Best boon companions: The action-oriented and similarly impulsive Tiger and Dog will have no trouble keeping pace mentally and physically with the dynamic Horse; these three high-affinity zodiac signs share an idealistic and occasionally unorthodox perspective on life and will tend to see eye to eye more often than not. Less fabulous a match for the Horse is the Rat, who finds the Horse far too fickle for his committed style of friendship; and the Horse butts heads with the convention-loving Ox, who disapproves of his freelance, cavalier manner.
Learning
Your Horse child requires varied and near-constant stimulation in order to perform competently in academic settings. Should his teacher’s lesson plan fail to provide adequate mental challenges and interest, his boisterous comportment can become an issue in the classroom. On the other hand, the Horse is extremely mentally agile, learning with remarkable speed and gaining quick and confident command of difficult subjects. He is performance-oriented and success-driven, and if channeled and challenged adequately there is nothing he can’t master. A perceptive wonder of intuitive intelligence, the Horse child responds with lightning quickness and makes snap decisions, more often dead-accurate than not.
Parenting the Horse Child
Patience is the (key) virtue: The Horse child needs to be nudged by his parents to act with politesse and curb a tendency to be inconsiderate or too dismissive of others in his headstrong pursuit of objectives. A difficult lesson for children of all signs, but of imperative importance for the Horse, is the adequate cultivation of patience — not everyone can perform at his mental or physical level!

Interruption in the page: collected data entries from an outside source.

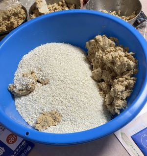 麹と塩は容器の中でしっかりよく混ぜておきます。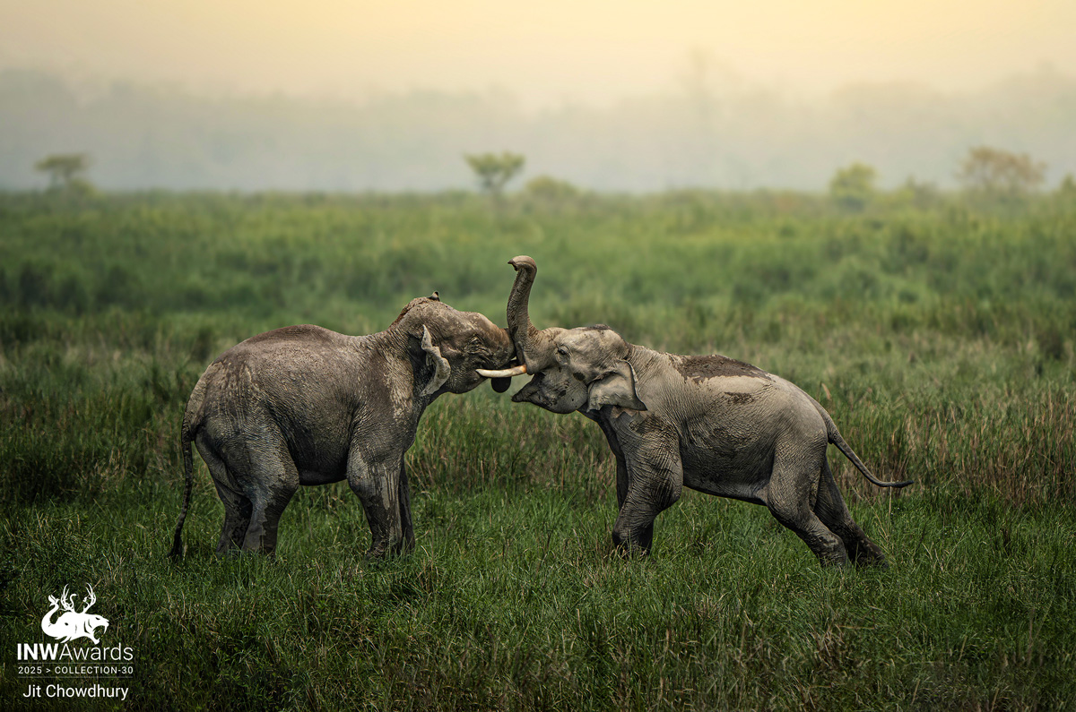 n the heart of the grasslands, two wild Asian elephants engage in a powerful yet graceful interaction, captured during golden hour. This image, taken in the misty wilderness of Northeast India, freezes a moment of raw emotion and energy as the elephants lock tusks in what could be a playful duel or a show of dominance. Their mud-caked skin glistens under the soft morning light, reflecting their rugged journey through the wild. The backdrop of lush green and a hazy sky sets a dramatic tone, emphasizing the raw beauty and majesty of these endangered giants. Shot using a Sony A7 IV paired with a Sony 200-600mm lens, the image highlights intricate textures and expressions with clarity and depth. This frame is not just a display of wildlife behavior, but a powerful reminder of the complex lives animals lead in their natural habitat.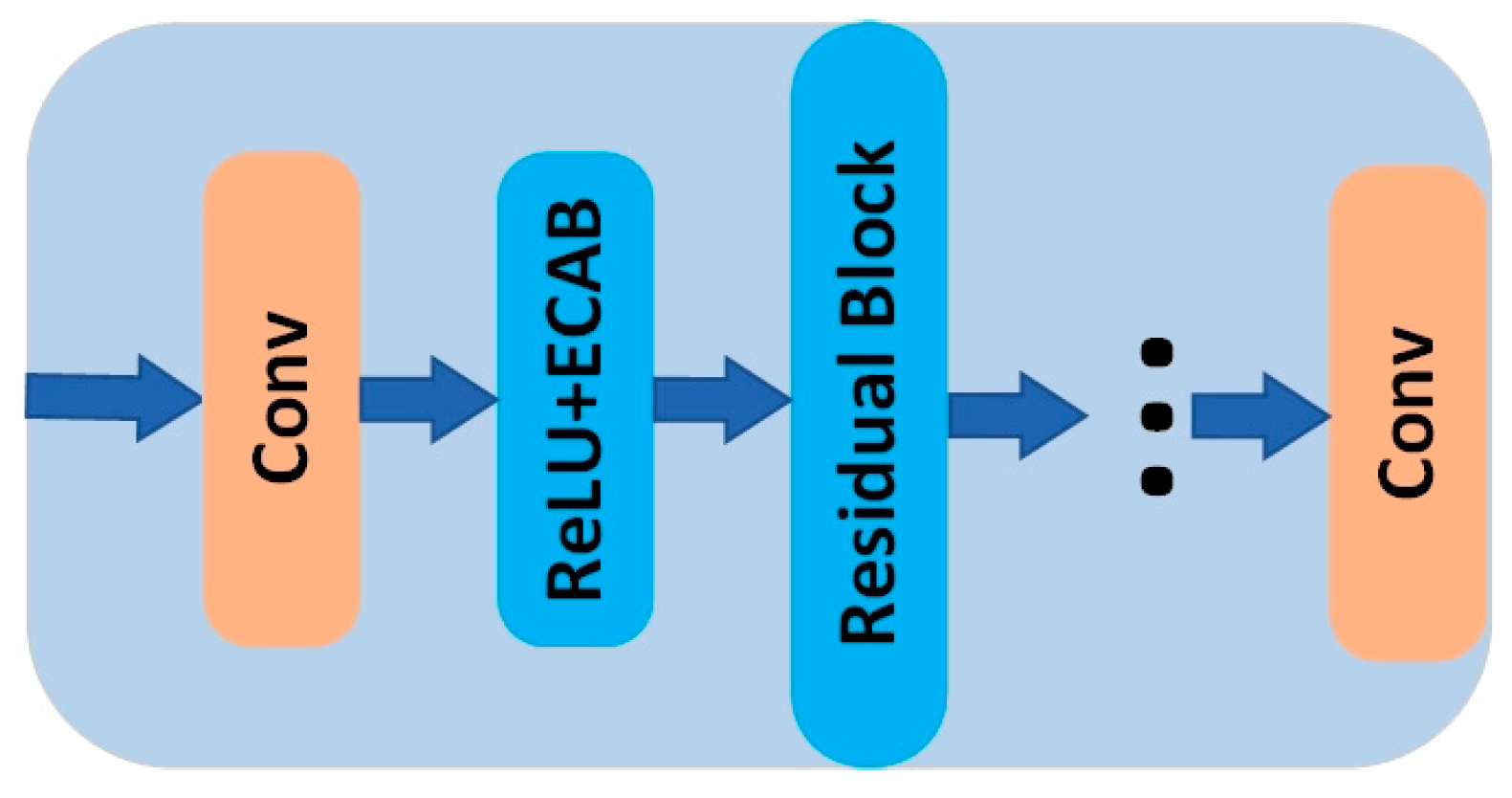 The refinement module has a simple and efficient structure, built around multiple convolutional layers with a kernel size of 3 and padding of 1. Consistent with the earlier decomposition module, this module also incorporates Residual Blocks and ECABlocks to further strengthen its feature extraction and reconstruction capabilities. The residual structure effectively alleviates the vanishing gradient problem and facilitates deep network training, while the ECABlock adaptively calibrates feature weights through a channel attention mechanism, suppressing irrelevant noise and highlighting important details.

My way or the highway: The Horse personality bears hallmarks of impulsiveness and stubbornness. He can give vent to a very explosive temper when he feels thwarted — while his pique is quickly defused, others may be less immediate to recover from the devastating assault of his temper and friendships can suffer irreparable damage. Preaching the benefits of discretion and self-control will go a long way to outfitting your Horse child with skills that will help him avoid such pitfalls. As demanding as he is of others, the Horse is singularly incapable of relinquishing or compromising his own independent agenda — this is a good thing to point out early so he gains self-awareness around how he operates.
Wild horses can’t be broken: From your first sleep-deprived night of parenting the Horse child, well into his teen years, you will be challenged to strike a balance between your agenda and his ever-changing one. Constitutionally oppositional to any routine or schedule not of his own devising, the Horse follows a rather nonconformist personal mode of operation that will occasionally run counter to your established procedures and management of the family. And woe betides the parent who attempts to censure the Horse child with too many rules — placing limits on his independent action is the quickest way to get him to bolt. As the Horse is restless by nature, you will learn early that the best method of keeping peace and good humor will be to create of life a sequence of grand adventures.
Help him see things through: The Horse lacks stick-to-itiveness, and as his parent, you will need to help him identify certain commitments he has made and make sure he sees them through. Perpetually entranced by the next grand scheme or new idea, he is quick to rise to a challenge with gusto, but his interest can flag all too quickly. A habit of breezily making and then dropping obligations learned young may be hard to break when he is older and the stakes are higher.